If multi-billionaires are on the verge of securing that highly coveted a 9% tax plan that brought the likes of Herman Cain into the national spotlight, what’s a mere 100 billion between them to secure the kind of power that having that much information on the whole of the electorate can ultimately buy.

Celebrity Criticism Used to Deflect Attention Away From Corporate Raids By Robin Barnes

News outlets report that defense of Mitt Romney as a corporate raider is in full sway. That might be the understatement of the year.  The larger issue, beyond one politician’s record, is the elephant in the room: specific details (state by state) of the fallout from the worst of the excesses.  That debate has been effectively sidelined for certain segments of the population by a grand ole non-sequitur.  Fox News personality (serious political commentator) Bill O’Reilly, while manning the no-spin zone, recently took pains to run a segment featuring Kim Kardashian.  Who? What?

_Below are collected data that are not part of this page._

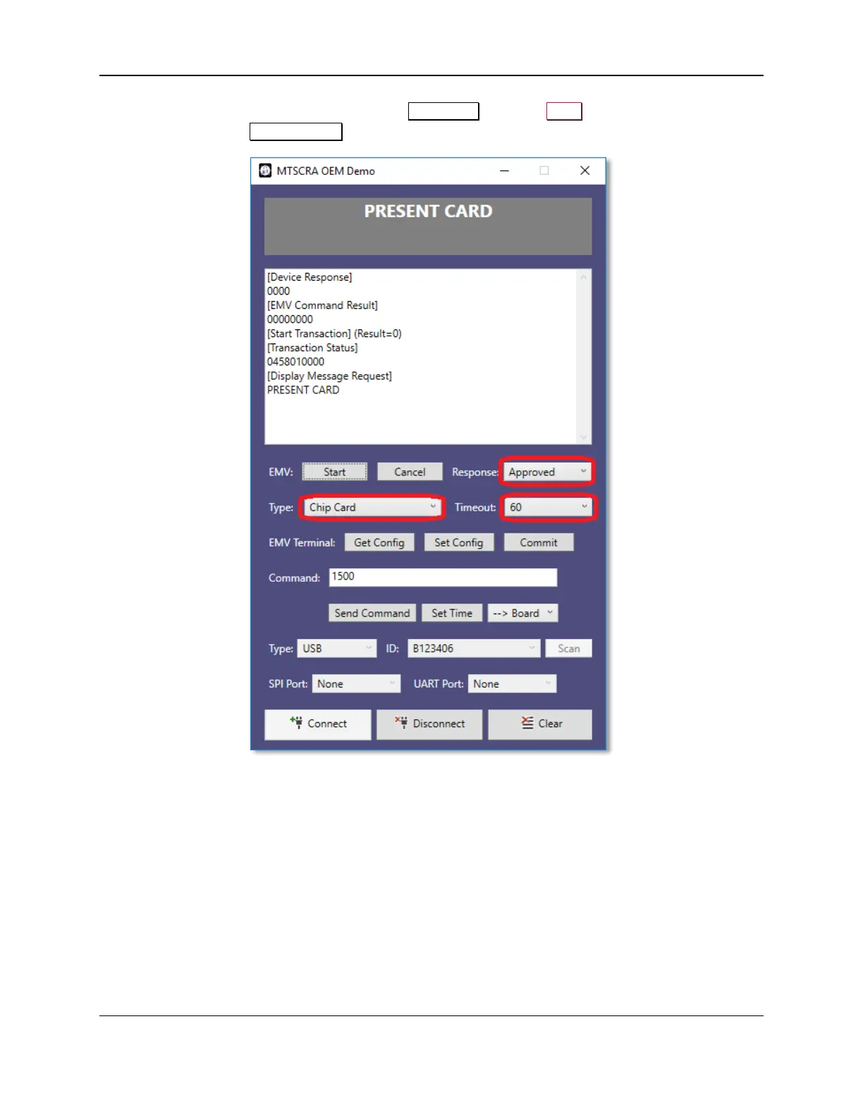 7) To begin an EMV transaction, select desired Response, press the Start button, and then insert the
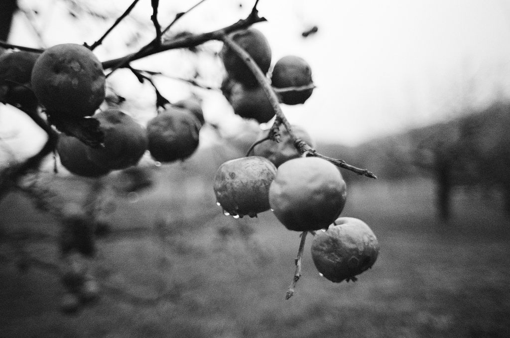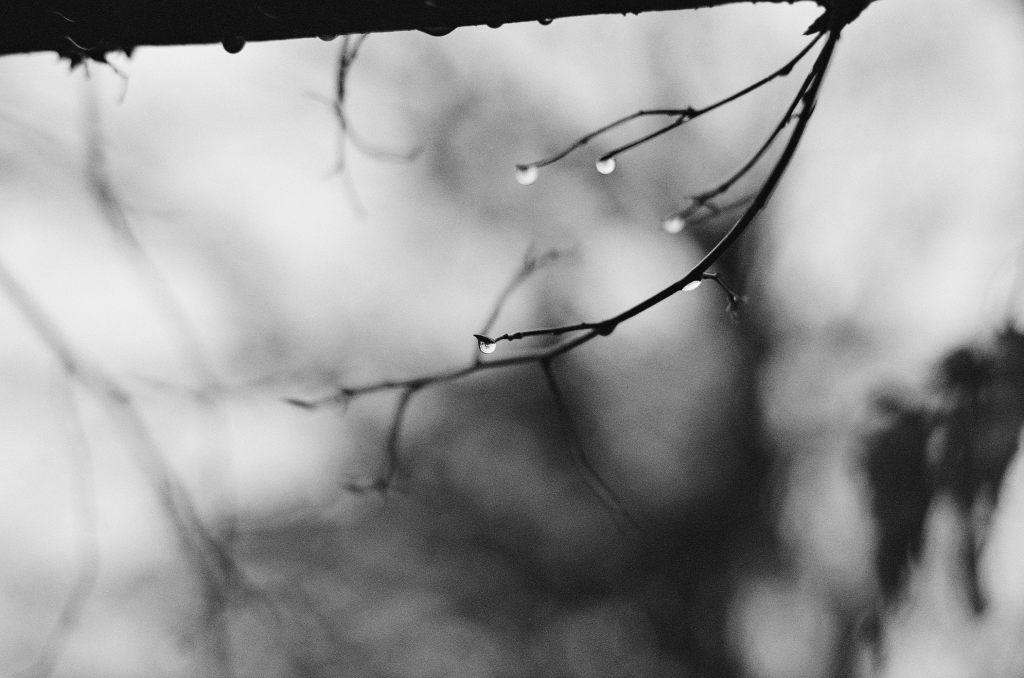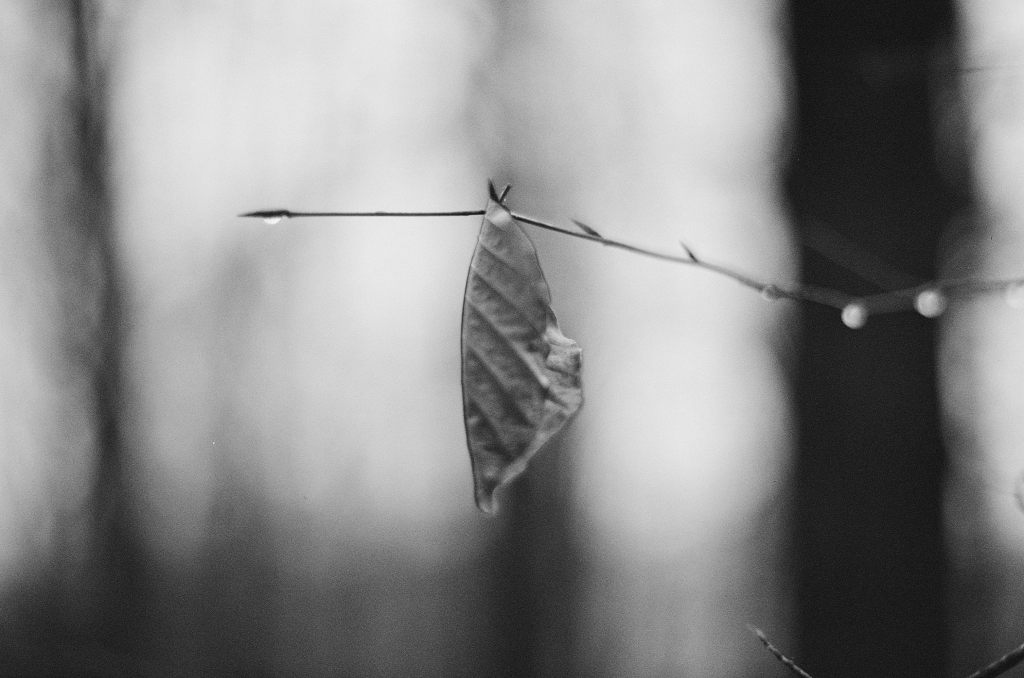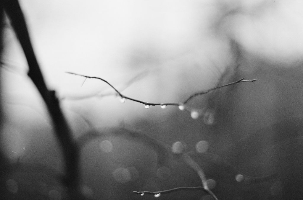 Ende November war ich auf einem Revival-Walk in der fränkischen Schweiz mit Freunden aus einer früheren Fotogruppe hier in Erlangen. Heute würde man die Gruppe wohl ein Kollektiv oder Kombinat nennen – wir nannten uns damals einfach „Die Fotobrauer“. Im ersten Teil hab ich bereits vom Lomo Color’92 berichtet, den ich dabei zuerst noch in der Kamera hatte. Im Lauf des gemeinsamen Spaziergangs wurde dann auf den Ilford gewechselt. Es war an dem Tag sehr grau und dazu auch immer wieder nass. Kein Dauerregen, aber irgendwie war dauernd Feuchtigkeit in der Luft. Daher waren Tropfen im Wald dann auch durchaus mal interessant:
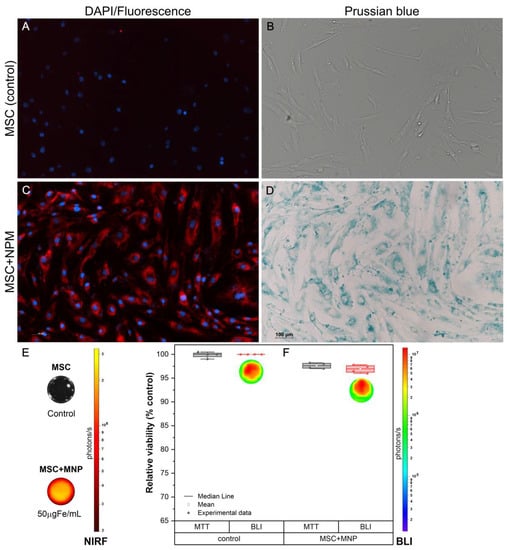 Internalization and viability of fluorescence–magnetic nanoparticles labeled mesenchymal stem cells. (A) Fluorescence microscopy image of unlabeled MSC at 10×, (B) Brightfield microscopy image of unlabeled MSC at 10×, (C) TRITC and DAPI fluorescence microscopy images of MSC labeled with 50 µg Fe/mL of MNP, displayed at 10×, (D) Brightfield microscopy image of MSC labeled with 50 µg Fe/mL of NP, shown at 10×, (E) NIRF signal of MSC labeled with 50 µg Fe per mL of MNP, and (F) Cellular viability of MSC following labeling in MTT (gray bars) and BLI (red bars) assays, respectively. A red–yellow scale bar represented the NIRF intensity in photons per second, and the BLI intensity in photons per second was represented by blue–red scale bar. Abbreviations—MSC: mesenchymal stem cells from the human bone marrow; MNP: magnetic nanoparticles; MTT: the 3-[4,5-dimethylthiazol-2-yl]-2,5 diphenyl tetrazolium bromide; BLI: bioluminescent images.
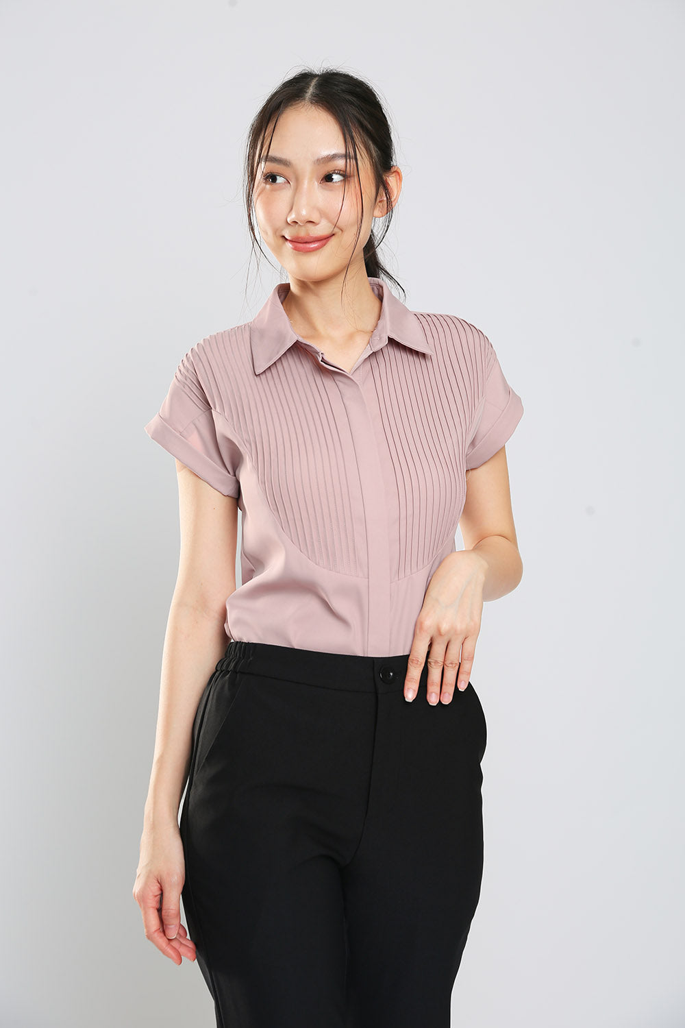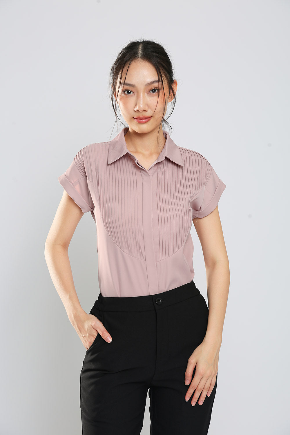 This Yumi button down shirt features a front button closure and front pleat details, making it both stylish and easy to wear. Made with easy iron polyester fabric, it offers convenience and a polished look for any occasion.

And other outlets have piled on: “When you buy something from a charity auction, you usually assume that 100%, or at least a large portion, of the proceeds are going to charity. Stop doing this! According to Fox News, a handful of celebrities including Kim and Khloe only donate a paltry 10%.” 

So the public’s attention is shifted away from the joblessness, homelessness and panic that has resulted from corporate raiding by the wealthy elite or the court case that has enabled unnamed billionaires to skew what may be the nation’s most important presidential election since Lincoln.  No, the public is being asked to condemn the 10%-ers.

This is hardly the Fourth Estate that Edmund Burke, an 18th-century British politician, is credited with crowning as a watchdog over government and industry.  To the extent that the clause guaranteeing freedom of the press was designed to create a mechanism outside of governmental control as an additional check on the three  branches of government, we have some tweaking to do.